I met with the actress in Manhattan’s Greenwich Village, where she lives with her husband and their son, James, 3. She is small—5 feet 4 and barely 100 pounds—with beautiful pale-blue eyes.
She met her first serious love, actor Robert Downey Jr., on the set of the film Firstborn in 1984. They were 19 and soon a couple. “Fairly early on,” she said, “he told me he had a drug problem. I didn’t understand it. The people I knew didn’t use drugs. I thought, ‘Well, I’ll help him.’ Addiction didn’t seem like something that would impose itself on us. I was very wrong.”
They lived together seven years, as Downey’s drug use spun out of control. “The simple answer to why I stayed with him is I loved him,” she said. “I felt that if I left, he might die. In every good and bad way, I enabled him to show up for work. If he didn’t, I’d cover for him, find him, clean him up. He was like a broken pipe with a leak that you’re constantly putting tape around and tape over tape, but you can’t stop the leaking.”
The couple broke up in 1991. “Emotionally, it was the hardest thing,” said Parker. “But I tell you truthfully, his situation broke my heart a lot less than that of thousands of Americans with drug problems who have nobody. Downey had people who loved him. Others are victims of circumstances truly beyond their control.”
That year, Parker’s career reached a major turning point with the charmingly offbeat romantic comedy L.A. Story. For the first time, she played an object of desire, and that brought roles in films such as Honeymoon in Vegas and made her a star.
The biggest change of all occurred in 1992. “I met Matthew when he was directing my brother Toby in a one-act play,” she explained. “He called me for a date.
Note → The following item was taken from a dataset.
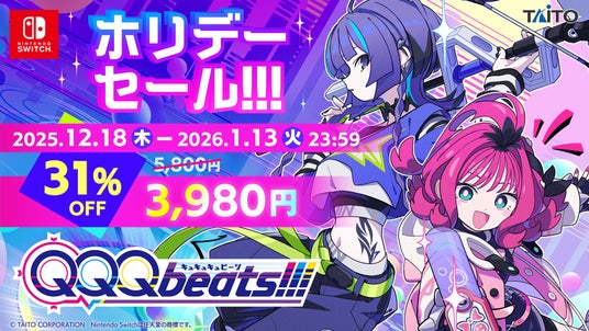 株式会社タイトー(本社:東京都新宿区、以下タイトー)は、Nintendo Switch(TM)ダウンロード専用ソフト『QQQbeats!!!』(読み:キュキュキュビーツ)の追加ダウンロードコンテンツ「VTuberソングパック Vol.1」の配信をニンテンドーeショップにて本日1月8日(木)に開始いたしました。

We went out, and that was it!” They lived together for five years before marrying in 1997.
Today, Parker is active in children’s charities, raising funds for New York City’s public schools and working as an ambassador for UNICEF. I asked if that work was the result of having her own child.
“No, it’s because of my own experiences as a child,” she answered. “I learned that your childhood doesn’t have to dictate the rest of your life if you’re given skills, opportunity and self-reliance.”
I asked what kind of future she wished for her son. “I’d like him to be an educated person and make contributions that are important,” she said. “But honestly? I’d rather have him happy than smart or successful. I just want happiness for him. That’s what all children need.”